While TIHYGT masquerades as moral lesson, in practice, the phrase is wielded as schadenfreude, even menace. “That thing you, my liberal friend, hold dear? That was the instrument of your doom. And I’m not going to pretend Trump is going to be good for you. You will hate every minute of it.”
Like so much of our current debate, TIHYGT is a flex. No one who tweets “learn to code” at a laid-off journalist expects them to pick up a new trade. And there are no illusions that Democrats will question their values as the result of an election they view as freakish, if not illegitimate.
Whatever enjoyment comes from reminding liberals of their shortcomings is fleeting.
Republicans should worry that the left will soon be playing the same game: the rule book is out, and punishing your foes is a higher virtue than rewarding your friends.
A radicalized class of House Democratic freshmen and the left’s flirtations with socialism offer hints of how a Trumpified GOP might soon be hearing, “This is how you got Alexandria Ocasio-Cortez.”
Last week, Democratic presidential aspirants submitted to a positively Bolshevik “Green New Deal” that envisions the end of air travel and rebuilding or retrofitting every building in the country. Democrats who once supported tough anti-illegal immigration measures (including physical barriers) now slouch towards open borders. The Overton Window on marginal tax rates has shifted to serious discussion of a top rate of 70 percent. The gun control debate has moved beyond universal background checks and waiting periods to threats of confiscation by force and pre-purchase social media screenings.
Is this the same party that voted in record numbers for ex-Goldwater Girl and Iraq war-supporter Hillary Clinton? Yes, but it’s also a party that, like a hit dog, hollers for vengeance, with an activist base that views policy moderates like Joe Biden or Amy Klobuchar with suspicion.
Might Democrats fumble the ball by embracing an agenda that’s dangerously out of step with the American mainstream?

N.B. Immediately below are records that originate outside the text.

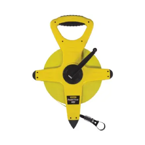STANLEY Measuring Tape, Graduation: 1/8 in, 300 ft L Blade, 1/2 in W Blade, Blade Color: Yellow, Fiberglass Blade, Case Type: Open, Case Color: Black/Yellow, Case Material: ABS, End Type: Hook, Rewind Type: Manual, Resists: Abrasion, Corrosion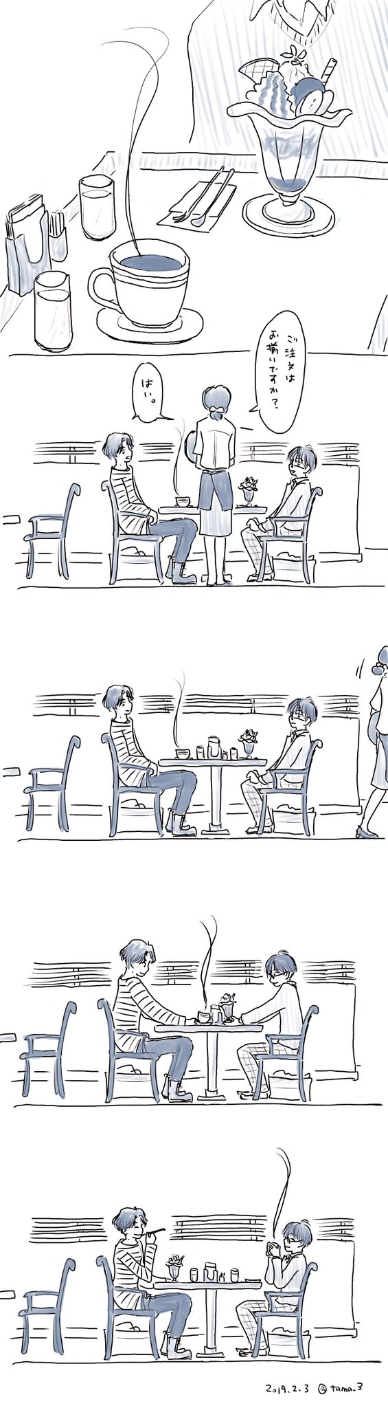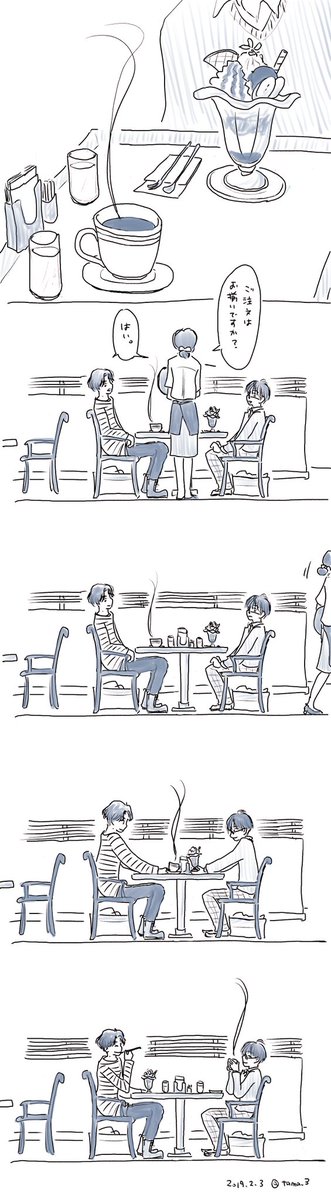 175 622 きょうのらくがき。何日か前にTLで話題になってた、「注文した品を逆に置かれる篭手切さんと豊前さん」を描きました。 19/02/03 17:19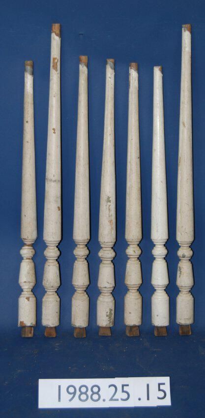 One lot of Seven turned stair balusters. Bottom end is round with dove-tailed tenon. One baluster is broken. Made of ash wood. Originally varnished. Now painted white. Range of heights.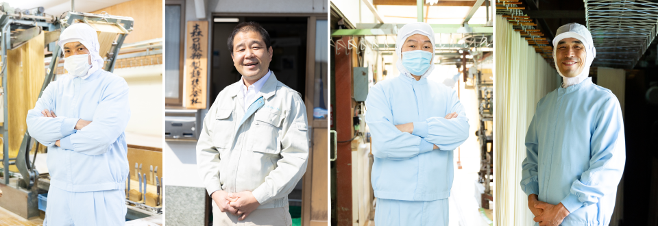 Since we are a small local manufacturer, we work while helping each other while having a family-like atmosphere. The production staff of the factory participates in the product development meeting, the office staff helps the factory during the busy season, and everyone makes dried noodles to be delivered to customers.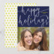 Um design com script moderno que desejava feriados felizes em uma paleta de cores brilhante amarela e marinho. Personalize esta design com a sua foto de família, saudação e nome para torná-la sua. A cor de fundo do marinho também é facilmente alterada nas configurações de "Personalizá-lo"! Fotografia de Antonio Guillem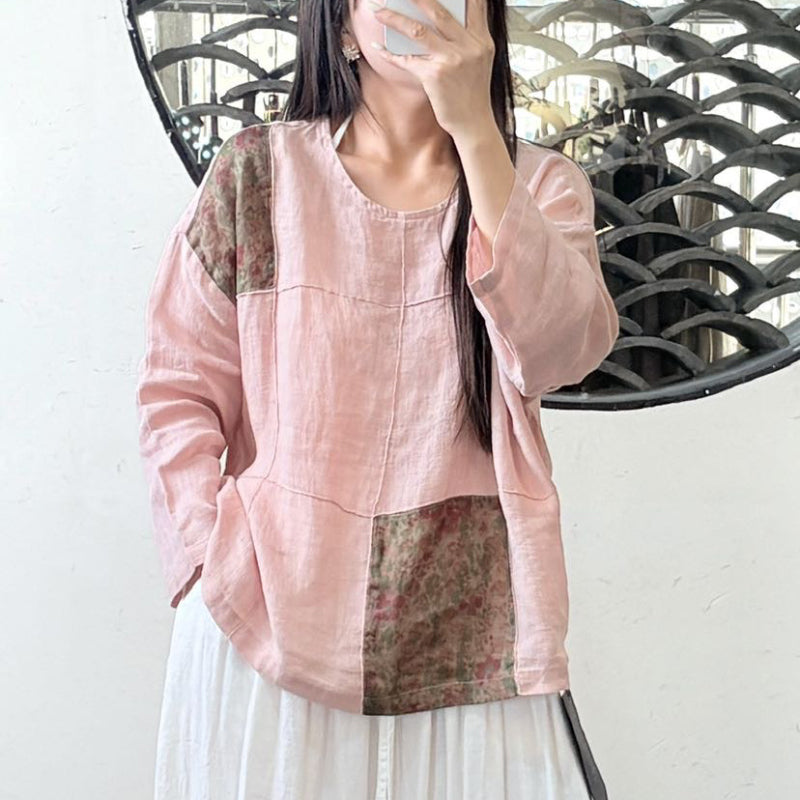 Áo T-shirt linen dài tay cổ tròn phối ô vuông hoa lá - A981
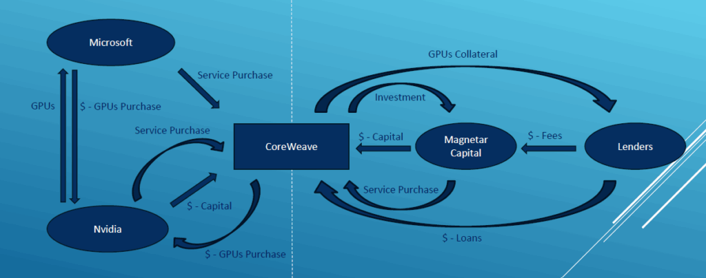 私がCoreWeaveについて初めて触れたのは1年以上前の「Magnetar CapitalはNvidia(ポンジー)スキームの崩壊に賭けるために、その内部に空気を送り込んでいるのでしょうか?」という記事でした。この記事では、ヘッジ・ファンドのMagnetar CapitalのCoreWeaveへの投資が、世界金融危機以前に同社が採用した戦略、すなわちサブプライム・バブルを膨らませてその崩壊に賭けるという戦略と多くの類似点があることを指摘しました。今年3月、「CoreWeaveは、詐欺的IPOの終焉を告げるのか?」という記事で、CoreWeaveが明らかに詐欺的な事業であることを疑う余地のないすべての要素を、誰もが確認できるように明らかにしました。

Sure. But what was mainstream about a Trump campaign that advocated a ban on Muslim immigrants, or a concrete wall stretching from the Pacific Ocean to the Gulf of Mexico, or a trade war that would imperil our economy for the sake of a few favored industries?
A Democrat could be forgiven for deciding that Trump’s perceived flaws -- his character and his ideas -- were in fact central to his victory. His vulgar cruelty was not an impediment to governance, but evidence of his will to dominate. His proposals were judged not by their extremeness or impracticality, but by the rage and anguish they would evoke among progressives. And when has Trump stumbled? As a Trump supporter lamented to the New York Times during the recent government shutdown, “he’s not hurting the people he needs to be hurting.”
Democrats might also infer that Trump’s re-election effort will suffer the same fate as Hillary Clinton’s 2016 campaign, their stay-the-course messages overwhelmed by scandal and their supporters fatigued.
If Trump is destined for defeat (as reports that suburbanites and women are fleeing the GOP suggest), who could blame Democrats for rallying behind the candidate of their revenge fantasies? Elizabeth Warren’s 3 percent annual wealth tax on billionaires might wreak havoc on capital markets and job creation, but imagine the wails from the Adelson, Koch and Mercer families.
Yesterday at NRO, Jay Cost admitted his fear “that Trump’s unpopularity could ultimately bring a socialist into the White House.” Precisely. It’s time for Republicans to move with haste to back a serious primary effort that will bring lapsed GOP voters and right-leaning independents home.
MAGA cultists and the grifters who feed off them will be unmoved by warnings of what comes après Trump. But establishment Republicans who have accommodated themselves to his presidency should consider the costs of his continued party leadership.
Otherwise, prepare for a soul-crushing TIHYGAOC struggle session in your not-too-distant future.